Dataset for: Modelling imperfect presence data obtained by citizen science

dataset

posted on 2017-05-22, 02:17 authored by Kerrie Mengersen, Erin Peterson, Samuel Clifford, Nan Ye, June Kim, Tomasz Bednarz, Ross Brown, Allan James, Julie Vercelloni, Alan R Pearse, Jacqueline Davis, Vanessa Hunter

There is growing awareness about the potential benefit of harnessing citizen science for research, particularly in the biological and environmental sciences. Data quality is a major constraint in the use of citizen-science data; in particular, imperfect observations. In this paper we fit species distribution models (SDMs) to presence-only data (presences and counts, with no absences observed) by exploiting the uncertainty in reported presences, instead of generating pseudo-absences as is common in previous presence-only studies. This approach allowed us to extend the suite of models to include those commonly fit to presence/absence and abundance data. We fit several models to a case study dataset of jaguar encounters reported by citizens in the Peruvian Amazon. The true species distribution for the case study data is unknown, and so we also undertake an extensive simulation study to evaluate model performance.
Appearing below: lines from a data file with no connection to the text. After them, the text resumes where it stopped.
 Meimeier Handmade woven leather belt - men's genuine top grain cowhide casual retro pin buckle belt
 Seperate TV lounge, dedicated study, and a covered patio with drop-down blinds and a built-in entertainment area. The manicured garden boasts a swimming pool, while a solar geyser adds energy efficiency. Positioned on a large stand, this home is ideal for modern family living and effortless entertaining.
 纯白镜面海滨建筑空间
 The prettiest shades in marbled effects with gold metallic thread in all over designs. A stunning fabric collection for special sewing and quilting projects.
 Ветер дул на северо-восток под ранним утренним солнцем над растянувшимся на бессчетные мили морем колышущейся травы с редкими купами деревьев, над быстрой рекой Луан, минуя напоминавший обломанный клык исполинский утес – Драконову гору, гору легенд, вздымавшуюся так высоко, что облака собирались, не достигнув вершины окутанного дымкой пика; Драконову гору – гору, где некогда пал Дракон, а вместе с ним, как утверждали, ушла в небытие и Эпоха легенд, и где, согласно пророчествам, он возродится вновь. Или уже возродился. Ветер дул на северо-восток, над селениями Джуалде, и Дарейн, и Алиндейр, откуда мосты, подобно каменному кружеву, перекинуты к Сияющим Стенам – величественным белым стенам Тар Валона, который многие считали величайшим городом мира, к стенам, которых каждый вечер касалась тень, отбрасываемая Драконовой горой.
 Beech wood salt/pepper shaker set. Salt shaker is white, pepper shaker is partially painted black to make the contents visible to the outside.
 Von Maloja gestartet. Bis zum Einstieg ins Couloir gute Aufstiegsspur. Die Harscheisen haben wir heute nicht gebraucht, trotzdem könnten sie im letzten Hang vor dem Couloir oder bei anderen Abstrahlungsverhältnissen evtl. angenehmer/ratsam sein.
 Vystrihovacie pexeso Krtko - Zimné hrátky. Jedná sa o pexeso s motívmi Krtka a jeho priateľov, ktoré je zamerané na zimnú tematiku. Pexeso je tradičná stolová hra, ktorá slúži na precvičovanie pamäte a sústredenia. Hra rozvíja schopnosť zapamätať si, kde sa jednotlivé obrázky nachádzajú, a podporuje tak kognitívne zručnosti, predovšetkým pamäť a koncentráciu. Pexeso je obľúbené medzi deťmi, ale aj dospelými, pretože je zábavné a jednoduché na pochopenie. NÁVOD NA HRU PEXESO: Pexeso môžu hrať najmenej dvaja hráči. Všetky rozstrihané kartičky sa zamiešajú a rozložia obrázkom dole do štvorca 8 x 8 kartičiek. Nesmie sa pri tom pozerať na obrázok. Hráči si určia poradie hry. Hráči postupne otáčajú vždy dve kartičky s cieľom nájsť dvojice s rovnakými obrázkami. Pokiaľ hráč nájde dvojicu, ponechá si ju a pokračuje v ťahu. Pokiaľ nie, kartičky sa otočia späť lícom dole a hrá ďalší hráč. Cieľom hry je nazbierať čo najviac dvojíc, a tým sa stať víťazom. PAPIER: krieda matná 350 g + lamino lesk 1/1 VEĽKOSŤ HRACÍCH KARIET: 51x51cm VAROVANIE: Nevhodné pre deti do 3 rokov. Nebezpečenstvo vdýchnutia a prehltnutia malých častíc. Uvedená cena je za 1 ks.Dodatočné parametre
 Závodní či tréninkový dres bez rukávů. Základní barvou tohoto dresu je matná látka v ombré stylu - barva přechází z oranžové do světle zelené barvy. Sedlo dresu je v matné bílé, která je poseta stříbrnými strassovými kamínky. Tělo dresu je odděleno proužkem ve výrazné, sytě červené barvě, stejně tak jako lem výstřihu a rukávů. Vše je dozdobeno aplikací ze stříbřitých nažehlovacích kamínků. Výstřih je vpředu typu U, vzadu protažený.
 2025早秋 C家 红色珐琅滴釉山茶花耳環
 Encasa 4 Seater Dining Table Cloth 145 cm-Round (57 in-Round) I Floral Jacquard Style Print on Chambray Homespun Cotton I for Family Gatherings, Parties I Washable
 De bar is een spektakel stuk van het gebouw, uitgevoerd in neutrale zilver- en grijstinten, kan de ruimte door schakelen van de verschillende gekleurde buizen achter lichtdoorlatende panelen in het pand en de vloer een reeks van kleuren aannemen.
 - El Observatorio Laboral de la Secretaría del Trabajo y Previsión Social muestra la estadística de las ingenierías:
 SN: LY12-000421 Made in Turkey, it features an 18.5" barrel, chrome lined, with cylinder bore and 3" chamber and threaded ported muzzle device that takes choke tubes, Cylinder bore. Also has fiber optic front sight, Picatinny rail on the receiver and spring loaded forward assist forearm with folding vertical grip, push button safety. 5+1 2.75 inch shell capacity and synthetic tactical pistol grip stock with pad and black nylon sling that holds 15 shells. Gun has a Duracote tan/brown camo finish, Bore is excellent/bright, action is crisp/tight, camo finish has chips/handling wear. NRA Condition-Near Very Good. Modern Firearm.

We analyze the sources of error by studying the bias and variance of the models, and also discuss the predictive performance of each model and its ability to recover the true species distribution. The simulation study shows that although several approaches are capable of recovering the species distribution, the choice of a modelling approach is a complex one, and depends on factors such as inferential aim, model complexity, sample size and computational resources. This study also addresses some issues in dealing with compound-imperfect observations arising from citizen-science data, and we discuss further steps needed in this research area.